··· Data supplied

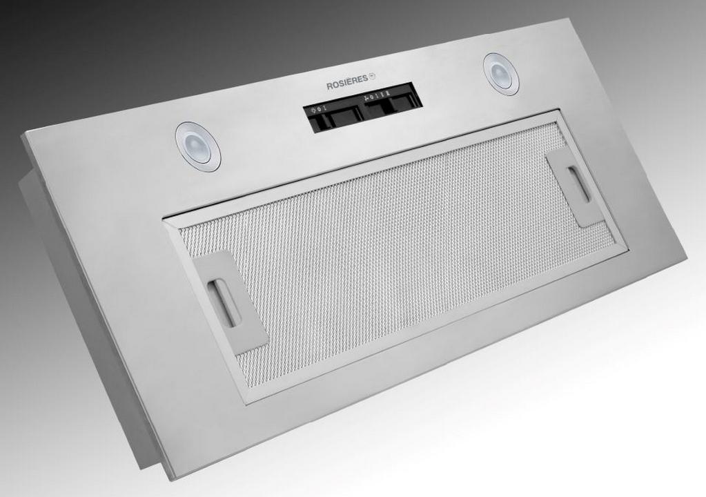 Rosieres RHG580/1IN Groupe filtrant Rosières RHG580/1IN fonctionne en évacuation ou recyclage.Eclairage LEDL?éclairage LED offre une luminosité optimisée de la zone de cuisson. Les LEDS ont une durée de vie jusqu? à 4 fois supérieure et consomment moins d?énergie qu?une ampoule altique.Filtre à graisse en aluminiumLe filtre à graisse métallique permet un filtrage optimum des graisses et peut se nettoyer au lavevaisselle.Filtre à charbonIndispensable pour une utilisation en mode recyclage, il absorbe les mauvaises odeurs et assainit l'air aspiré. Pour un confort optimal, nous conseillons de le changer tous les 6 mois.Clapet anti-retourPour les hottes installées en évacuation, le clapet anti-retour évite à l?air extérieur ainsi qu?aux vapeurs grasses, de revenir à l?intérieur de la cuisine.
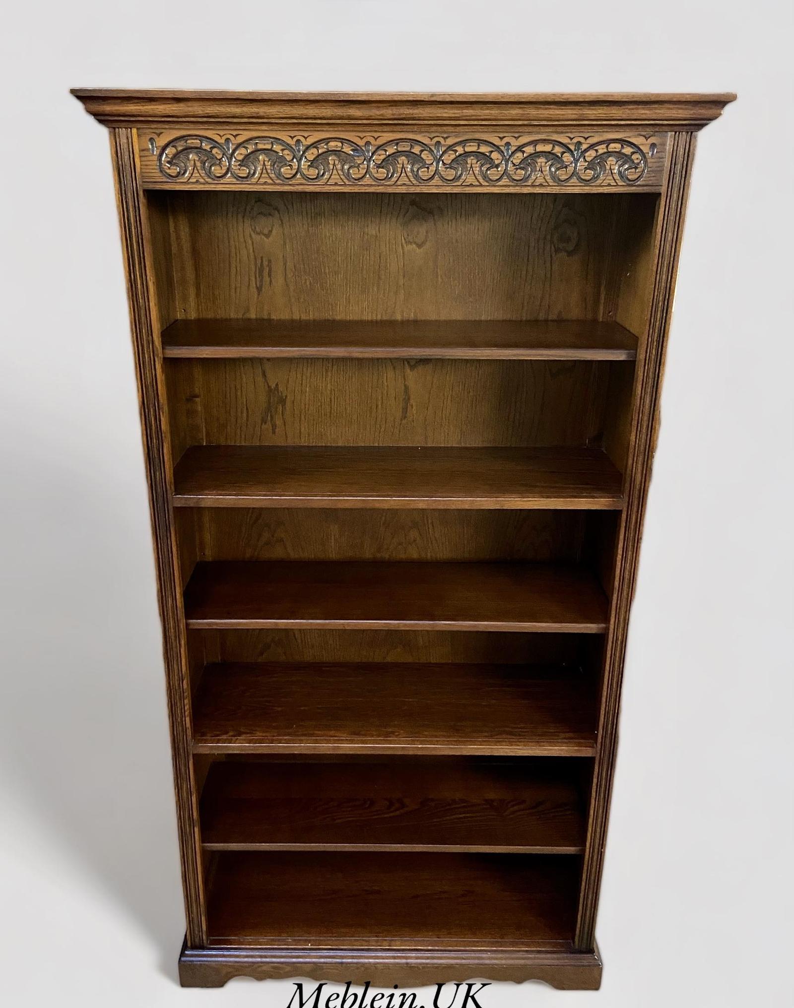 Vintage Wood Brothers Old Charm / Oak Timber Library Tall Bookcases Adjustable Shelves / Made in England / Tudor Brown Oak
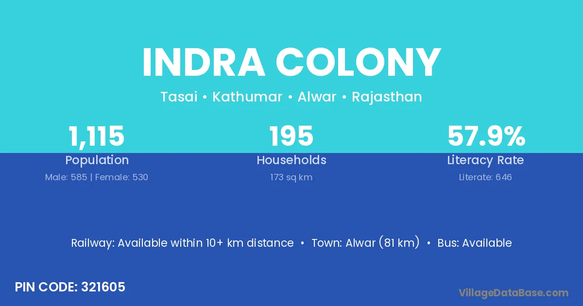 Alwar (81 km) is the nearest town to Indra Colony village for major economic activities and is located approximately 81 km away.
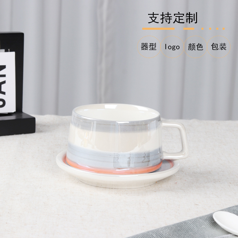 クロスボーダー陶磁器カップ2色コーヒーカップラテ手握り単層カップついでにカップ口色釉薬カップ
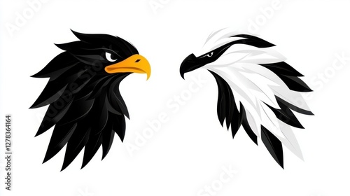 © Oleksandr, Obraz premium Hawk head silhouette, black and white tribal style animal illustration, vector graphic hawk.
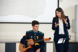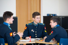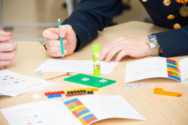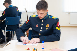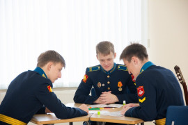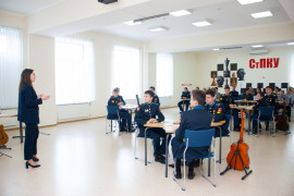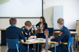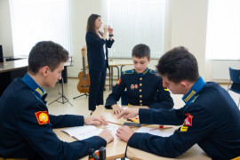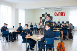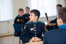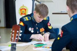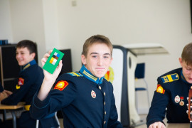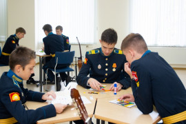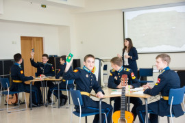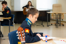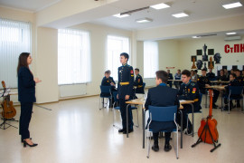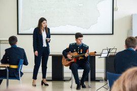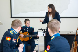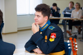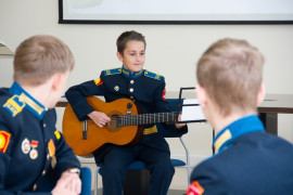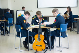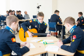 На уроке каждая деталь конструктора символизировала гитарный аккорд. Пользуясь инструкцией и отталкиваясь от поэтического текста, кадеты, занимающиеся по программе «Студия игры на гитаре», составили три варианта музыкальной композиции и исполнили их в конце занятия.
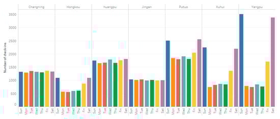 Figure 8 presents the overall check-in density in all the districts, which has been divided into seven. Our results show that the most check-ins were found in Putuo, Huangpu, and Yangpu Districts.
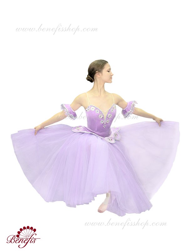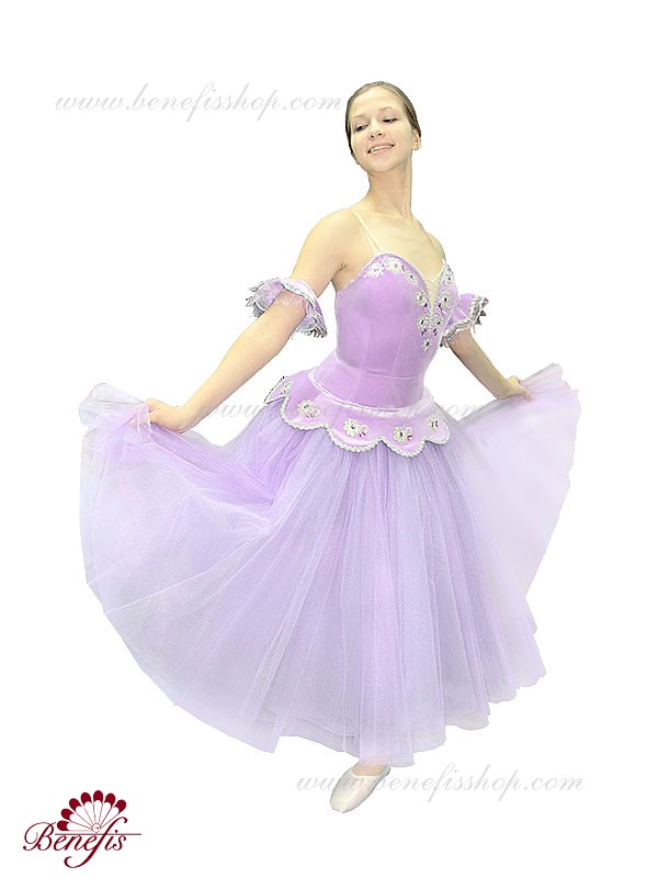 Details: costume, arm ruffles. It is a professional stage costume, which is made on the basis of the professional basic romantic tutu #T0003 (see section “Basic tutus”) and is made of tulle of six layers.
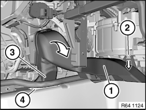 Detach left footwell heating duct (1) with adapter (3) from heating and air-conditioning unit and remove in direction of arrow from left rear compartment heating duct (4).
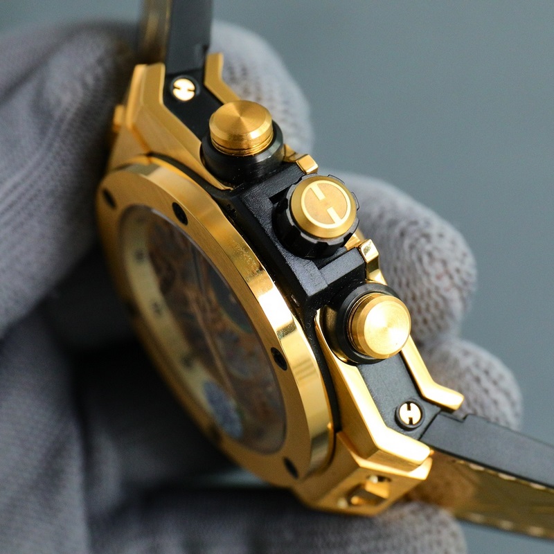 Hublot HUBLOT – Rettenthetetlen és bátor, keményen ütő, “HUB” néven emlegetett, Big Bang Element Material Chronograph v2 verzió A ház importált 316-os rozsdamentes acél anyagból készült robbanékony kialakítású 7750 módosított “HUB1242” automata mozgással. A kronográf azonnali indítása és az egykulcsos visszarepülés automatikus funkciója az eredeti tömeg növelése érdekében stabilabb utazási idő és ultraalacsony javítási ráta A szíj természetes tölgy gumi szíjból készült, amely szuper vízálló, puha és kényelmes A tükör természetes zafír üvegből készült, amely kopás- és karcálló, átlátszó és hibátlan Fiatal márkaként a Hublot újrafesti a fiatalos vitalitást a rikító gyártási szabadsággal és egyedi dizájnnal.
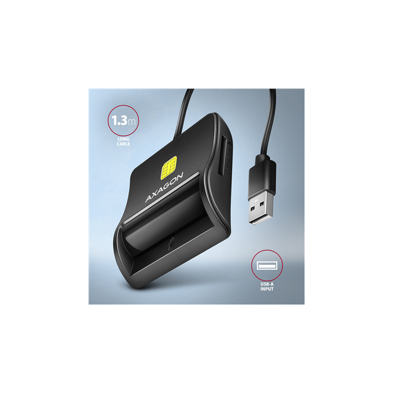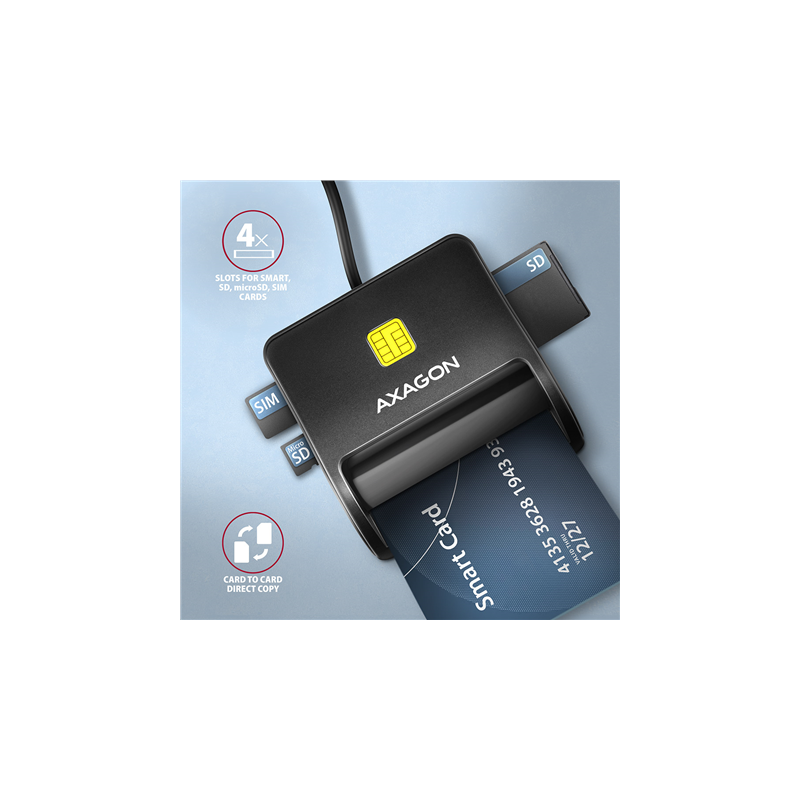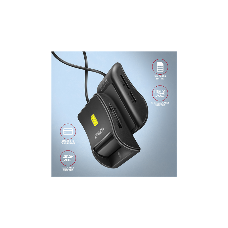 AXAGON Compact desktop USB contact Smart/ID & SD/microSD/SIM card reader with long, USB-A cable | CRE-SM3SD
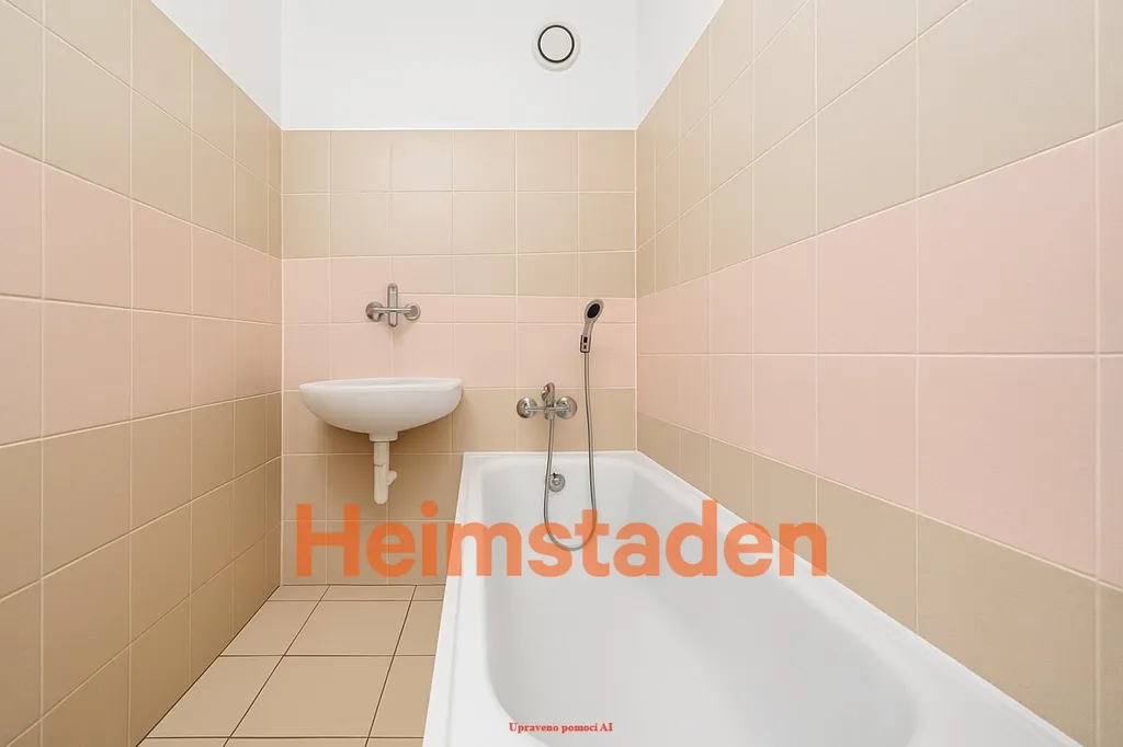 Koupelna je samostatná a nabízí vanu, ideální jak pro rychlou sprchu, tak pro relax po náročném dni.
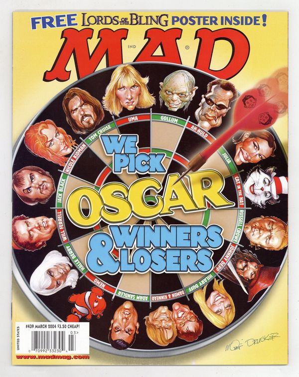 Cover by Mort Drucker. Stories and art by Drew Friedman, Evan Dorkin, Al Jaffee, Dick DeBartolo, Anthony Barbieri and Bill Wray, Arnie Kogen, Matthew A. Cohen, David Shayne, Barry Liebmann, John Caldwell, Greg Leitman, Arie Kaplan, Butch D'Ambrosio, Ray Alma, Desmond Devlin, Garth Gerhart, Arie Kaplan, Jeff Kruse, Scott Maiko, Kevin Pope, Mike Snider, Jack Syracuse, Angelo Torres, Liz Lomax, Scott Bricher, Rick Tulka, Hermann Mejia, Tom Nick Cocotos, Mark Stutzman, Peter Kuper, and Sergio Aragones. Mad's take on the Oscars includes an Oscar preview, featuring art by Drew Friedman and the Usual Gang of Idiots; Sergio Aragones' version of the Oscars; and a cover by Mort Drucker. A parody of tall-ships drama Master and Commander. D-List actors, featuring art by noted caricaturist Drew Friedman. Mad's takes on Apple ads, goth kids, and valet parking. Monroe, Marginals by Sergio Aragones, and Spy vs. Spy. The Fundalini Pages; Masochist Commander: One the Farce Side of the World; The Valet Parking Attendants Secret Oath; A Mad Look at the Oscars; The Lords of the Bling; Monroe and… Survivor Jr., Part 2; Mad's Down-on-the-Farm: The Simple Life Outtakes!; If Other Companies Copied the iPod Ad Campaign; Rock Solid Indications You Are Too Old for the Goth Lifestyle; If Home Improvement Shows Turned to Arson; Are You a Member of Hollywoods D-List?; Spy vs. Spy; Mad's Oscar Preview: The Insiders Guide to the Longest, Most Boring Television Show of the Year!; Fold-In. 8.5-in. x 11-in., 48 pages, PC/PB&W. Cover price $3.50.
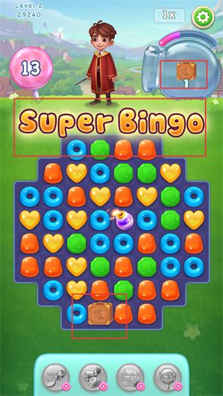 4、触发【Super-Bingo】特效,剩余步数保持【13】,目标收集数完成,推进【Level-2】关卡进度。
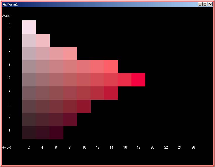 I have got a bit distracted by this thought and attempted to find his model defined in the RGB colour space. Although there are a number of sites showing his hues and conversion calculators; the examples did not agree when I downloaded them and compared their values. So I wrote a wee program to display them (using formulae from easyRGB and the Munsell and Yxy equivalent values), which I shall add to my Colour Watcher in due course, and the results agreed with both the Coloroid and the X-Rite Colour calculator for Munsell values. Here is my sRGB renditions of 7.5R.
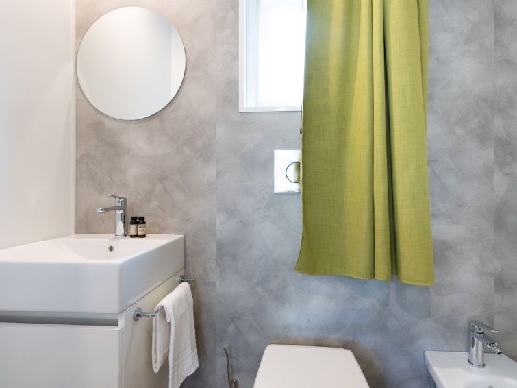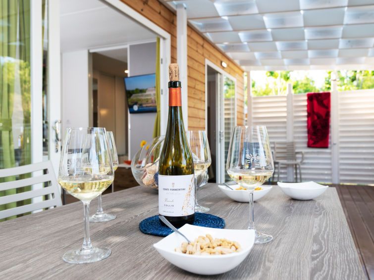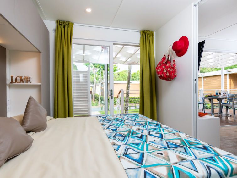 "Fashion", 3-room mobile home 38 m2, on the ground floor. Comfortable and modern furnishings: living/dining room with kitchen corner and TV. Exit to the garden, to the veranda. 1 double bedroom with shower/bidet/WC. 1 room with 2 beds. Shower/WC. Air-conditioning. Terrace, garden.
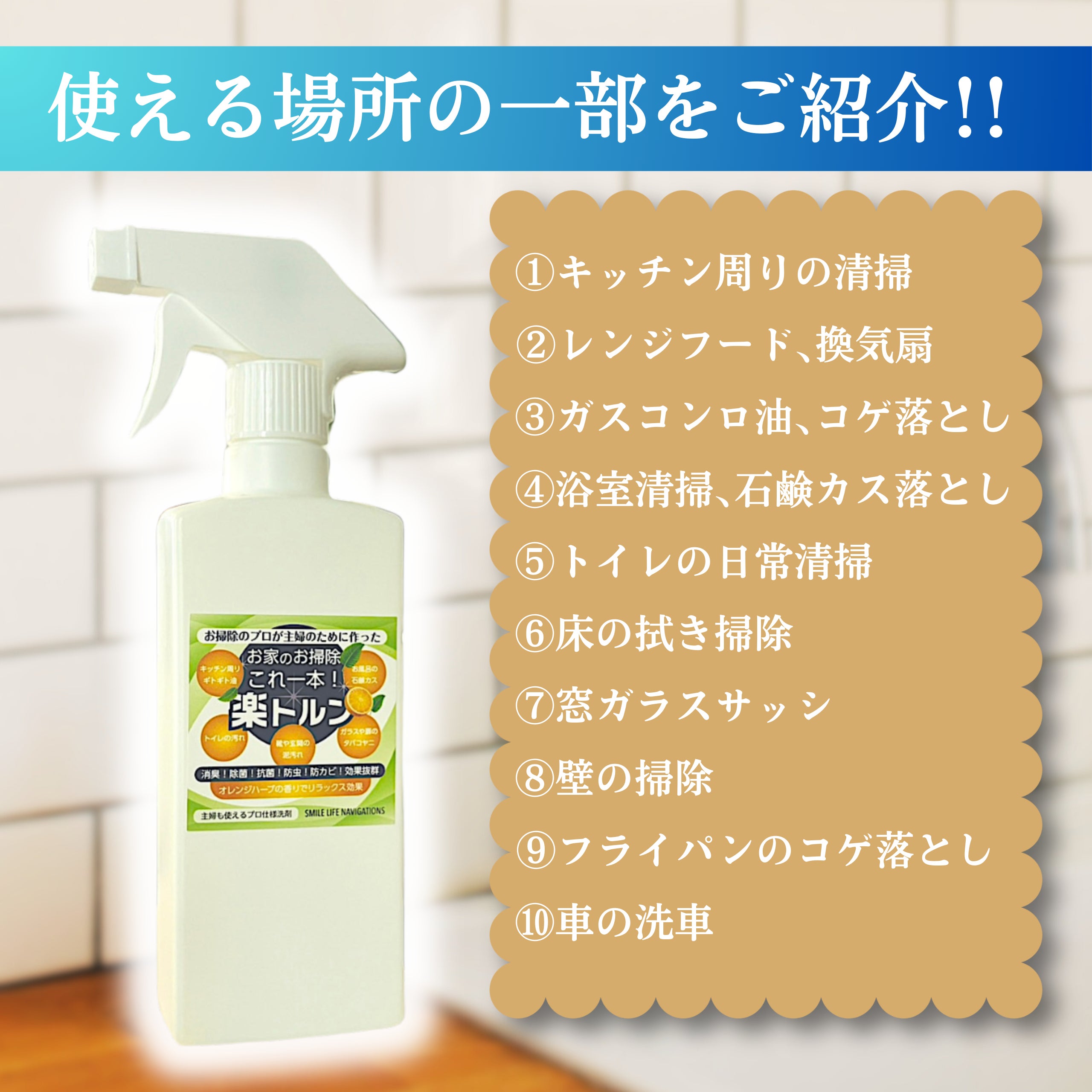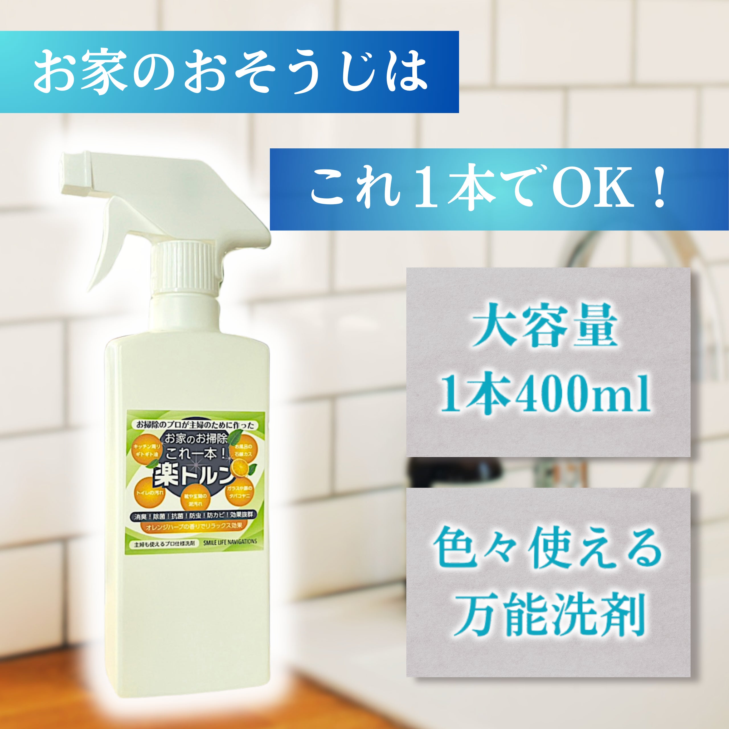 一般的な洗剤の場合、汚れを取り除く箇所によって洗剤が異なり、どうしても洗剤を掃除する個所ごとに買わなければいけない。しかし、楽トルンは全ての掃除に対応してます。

······

## What the task requires
Lines wanted from the entries above: the one with "Detach left footwell", the one with "Koupelna je samostatná", and all lines between. Please copy them exactly, without the pictures and without anything else.

## Result of the task
 Detach left footwell heating duct (1) with adapter (3) from heating and air-conditioning unit and remove in direction of arrow from left rear compartment heating duct (4).
 Hublot HUBLOT – Rettenthetetlen és bátor, keményen ütő, “HUB” néven emlegetett, Big Bang Element Material Chronograph v2 verzió A ház importált 316-os rozsdamentes acél anyagból készült robbanékony kialakítású 7750 módosított “HUB1242” automata mozgással. A kronográf azonnali indítása és az egykulcsos visszarepülés automatikus funkciója az eredeti tömeg növelése érdekében stabilabb utazási idő és ultraalacsony javítási ráta A szíj természetes tölgy gumi szíjból készült, amely szuper vízálló, puha és kényelmes A tükör természetes zafír üvegből készült, amely kopás- és karcálló, átlátszó és hibátlan Fiatal márkaként a Hublot újrafesti a fiatalos vitalitást a rikító gyártási szabadsággal és egyedi dizájnnal.
 AXAGON Compact desktop USB contact Smart/ID & SD/microSD/SIM card reader with long, USB-A cable | CRE-SM3SD
 Koupelna je samostatná a nabízí vanu, ideální jak pro rychlou sprchu, tak pro relax po náročném dni.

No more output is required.